• **Record set**

BEGIN

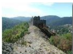
Savignone: ruderi del Castello Fieschi

Pietro Marcheselli - Olympus Camedia 3000 <2001 - Estate - Savignone - Paesi
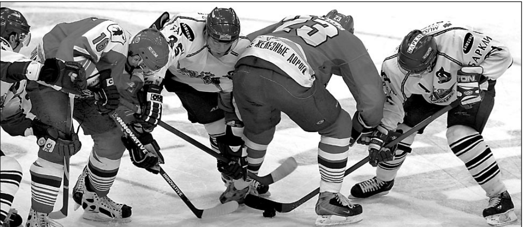
Вчера. Москва. МСА «Лужники». «Динамо» - «Локомотив» - 0:0. Соперники очень дорожили шайбой, и голов в этом матче болельщики в итоге так и не увидели.

«Северсталь» вернула себе лидерство - пусть и не единоличное, - воспользовавшись домашней ничьей «Динамо» с «Локомотивом»
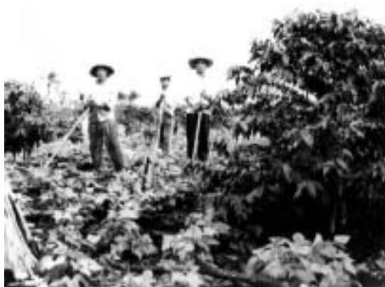
開拓時代のI家のコーヒー畑

1956年にパラナ州北部を經由してドウラードスに移り住んできたI家は、同年に農業を営むためブラジルに移民してきた外国移民の家族である 3) 。移民当時のI家の家族構成は、現在の世帯主の両親、その長男とその妻、長女、次男(現在の世帯主)、三男の合計7人であった。三男は当事まだ12歳であったが、開拓地においては重要な労働力であった。I家はドウラードスにおいて5ヘクタールが畑地で残りの25ヘクタールが原始林であった合計30ヘクタールの土地を購入し、コーヒー栽培を目的とした開拓に着手した。

END

Could you copy the listing above exactly, without its pictures?

Savignone: ruderi del Castello Fieschi

Pietro Marcheselli - Olympus Camedia 3000 <2001 - Estate - Savignone - Paesi
Вчера. Москва. МСА «Лужники». «Динамо» - «Локомотив» - 0:0. Соперники очень дорожили шайбой, и голов в этом матче болельщики в итоге так и не увидели.

«Северсталь» вернула себе лидерство - пусть и не единоличное, - воспользовавшись домашней ничьей «Динамо» с «Локомотивом»
開拓時代のI家のコーヒー畑

1956年にパラナ州北部を經由してドウラードスに移り住んできたI家は、同年に農業を営むためブラジルに移民してきた外国移民の家族である 3) 。移民当時のI家の家族構成は、現在の世帯主の両親、その長男とその妻、長女、次男(現在の世帯主)、三男の合計7人であった。三男は当事まだ12歳であったが、開拓地においては重要な労働力であった。I家はドウラードスにおいて5ヘクタールが畑地で残りの25ヘクタールが原始林であった合計30ヘクタールの土地を購入し、コーヒー栽培を目的とした開拓に着手した。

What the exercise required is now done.